Celibacy is a special vocation to live life without sexual intercourse and to integrate one’s sexuality completely into one’s life — into all that one does and says.
All of us are called to live an integrated life, expressing our masculinity or femininity in who we are as human persons, but so often we make the error of thinking that only priests and bishops, monks and nuns are called to celibacy. It is thought of as a “religious vocation.”
We make another error, I think, when we fail to see that all of us are called to integrate our sexuality into all we do as men or women, as masculine or feminine, when we compartmentalize our sexuality from our daily lives.
Not only are priests, bishops and religious called to celibacy but so too are single men and women. Their’s is a special vocation.
All our gay and lesbian brothers and sisters are called by God to celibacy and a healthy integration of their sexuality into their lives and relationships. God gives them a special vocation, and special graces. Do we treat them as people in that way? Do we recognize their struggle to express their masculinity or femininity in a healthy celibate way, a special struggle, a difficult one, and for so many a silent one?
As anyone knows who tries to live a chaste life — celibate or married — it is not easy. Our sexuality touches our core. To integrate it completely into who we are is a journey of faith and a journey into our minds, hearts and bodies.
Let us pray for all our brothers and sisters called to the celibate state of life. Let us pray for all of us married folk who together with them are called to holiness of life which includes a healthy regard for our sexuality and its integration into our whole lives.
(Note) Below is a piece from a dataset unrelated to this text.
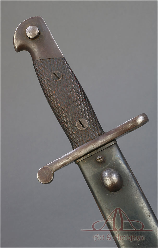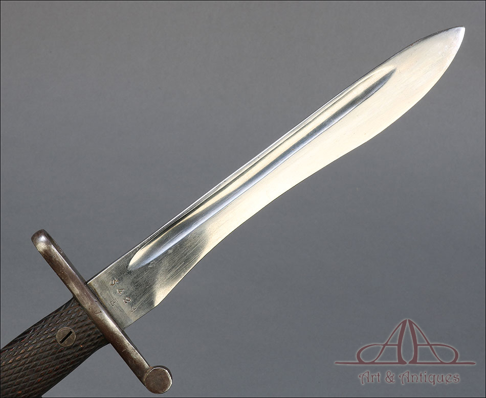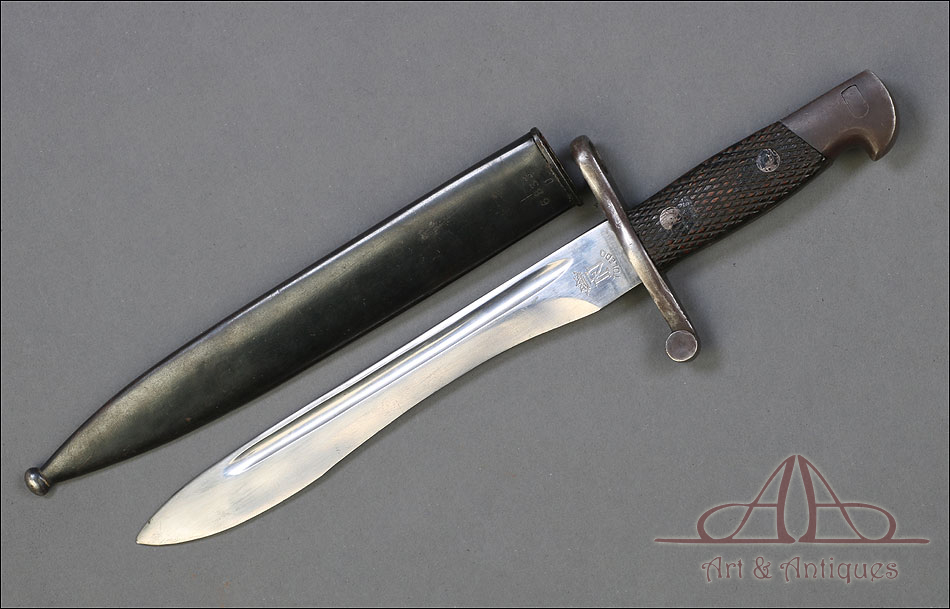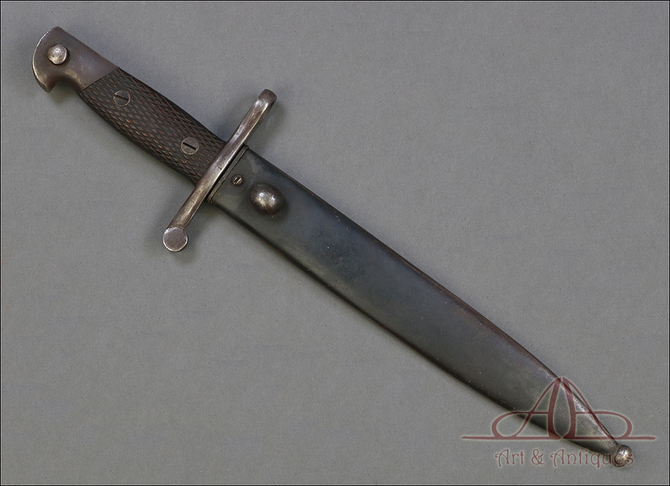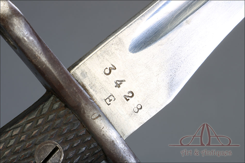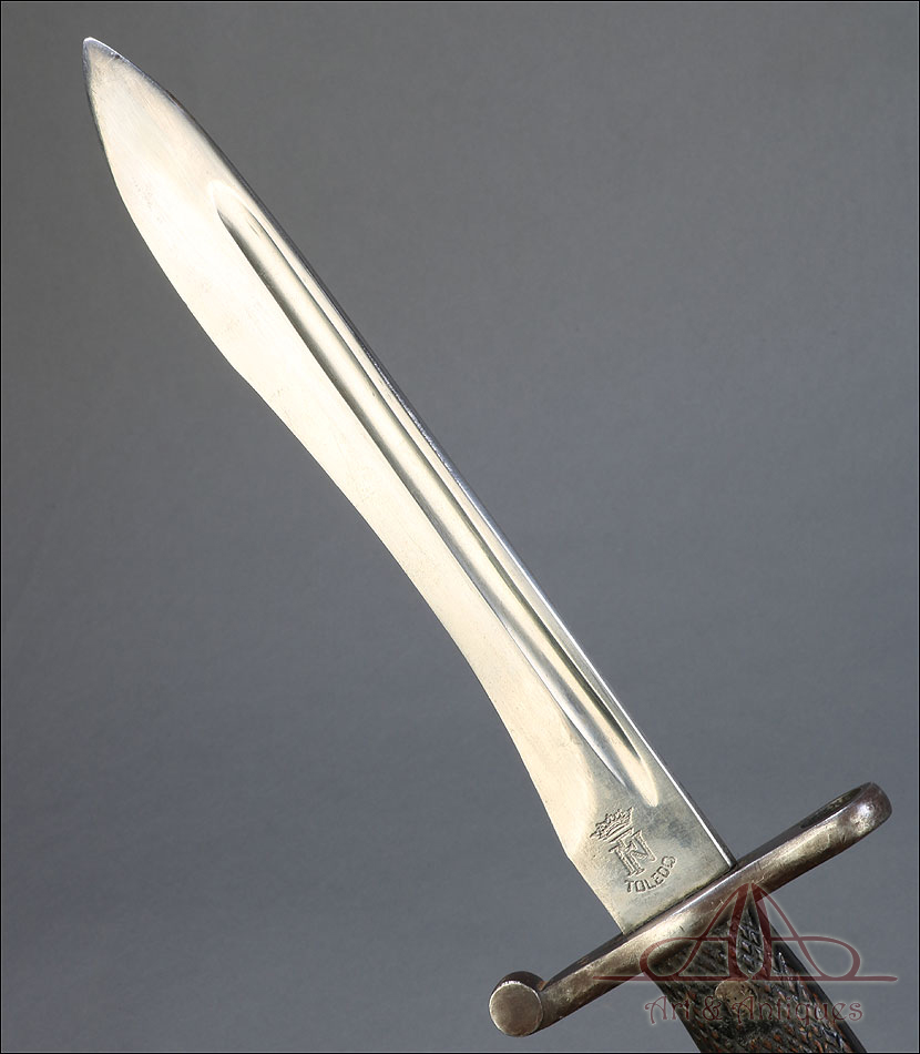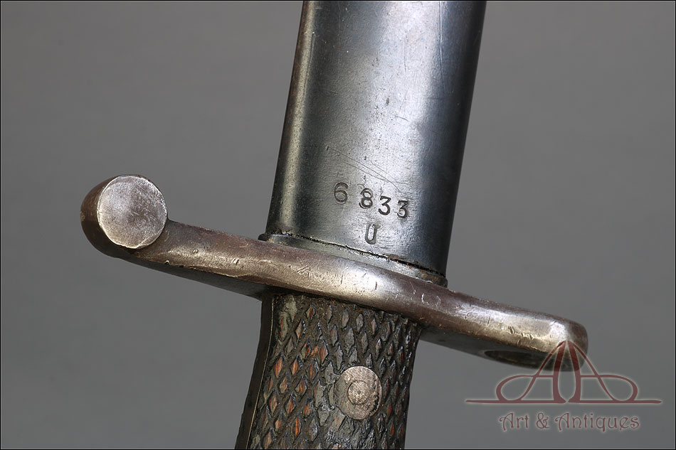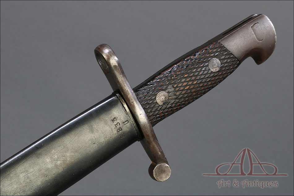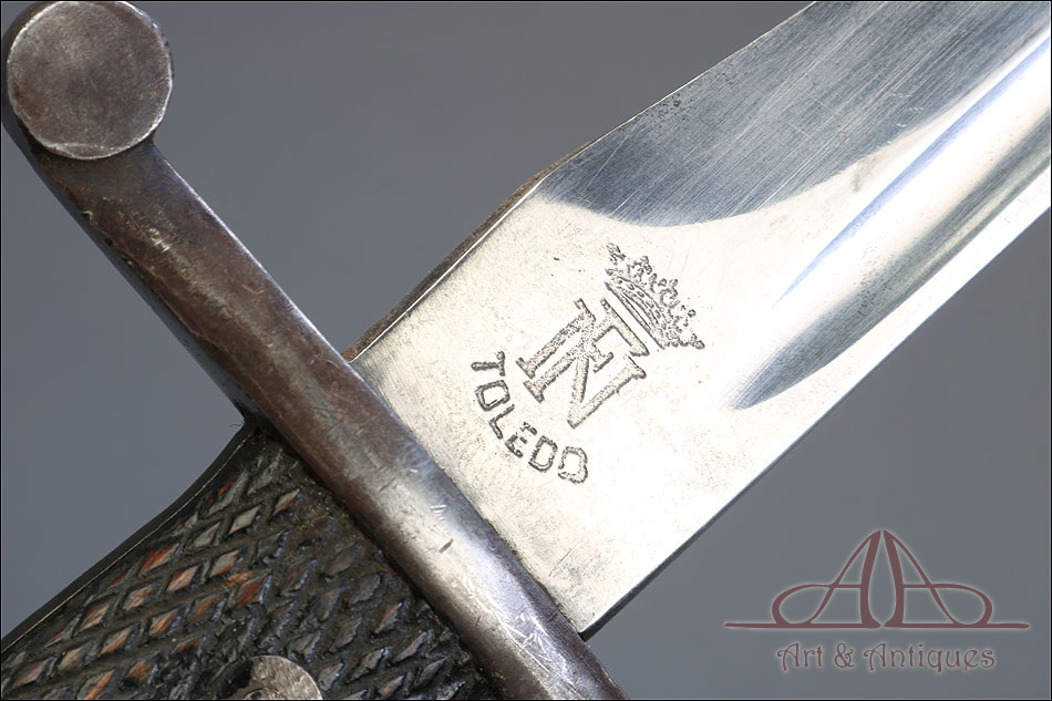 Antigua bayoneta española modelo 1941, forjada en España en la Real Fábrica de Armas de Toledo. Esta pieza tan singular se presenta completa, con todas sus partes originales y su vaina de acero. Además, está en muy buenas condiciones; la hoja de acero se muestra lisa y pulida, sin señales de óxido o desgaste, mientras que la empuñadura también está en excelente estado de conservación. El puño lleva cachas de madera tallada con motivo de rombos, destinado a mejorar el agarre, y remachadas a la base. La cruz incluye un gavilán curvo y otro con el orificio para introducir el cañón del arma. En la hoja, junto a la cruz podemos ver el sello de la Real Fábrica de Armas de Toledo y el número 3428 E. La vaina de acero está bien conservada y lleva su propio número de serie, junto a la boquilla: 6833 U.

The Church loves celibacy and will go to all costs to preserve it. Even to the point of seriously damaging the missin of the Church. You talk to most young men who sense a call from God to priesthood and many cannot nor will not overcome the demand of celibacy. Their potential vocations are not realized and the Church suffers from their loss. There needs to be alteratives.
Years ago, I worked with a youth minister who often wore a pin which stated “Peter had a mother-in-law”. We need to go back to the beginning so all can be followers and leaders within the Church of Christ.
It will be interesting to see if the Latin Rite Church eventually will call married men to the priesthood.
For all my readers information, the Eastern Rite Churches have done so for centuries, and deeply value that option. The are no married men called to the episcopacy in the Catholic Church, whether Eastern or Latin Rites.
As we hear more and more of in recent years, married protestant ministers who convert to Catholicism and wish to pursue priestly ministry can be admitted to Holy Orders under certain circumstances. My sister-in-law’s home parish in the Twin Cities has a married associate pastor who had been a Lutheran minister.
My point in the post was celibacy is a vocation to which so many are called, not just those to the priesthood or religious life. The theology of celibacy could be greatly enriched if we looked at it that way and presented it to the People of God with that appreciation. It is assumed that if one isn’t going to be a priest, then one will get married or be in some sexual relationship. My work with people has taught me that many who marry are probably not called to that vocation, and those in sexual relationships outside of marriage are unhappy and empty.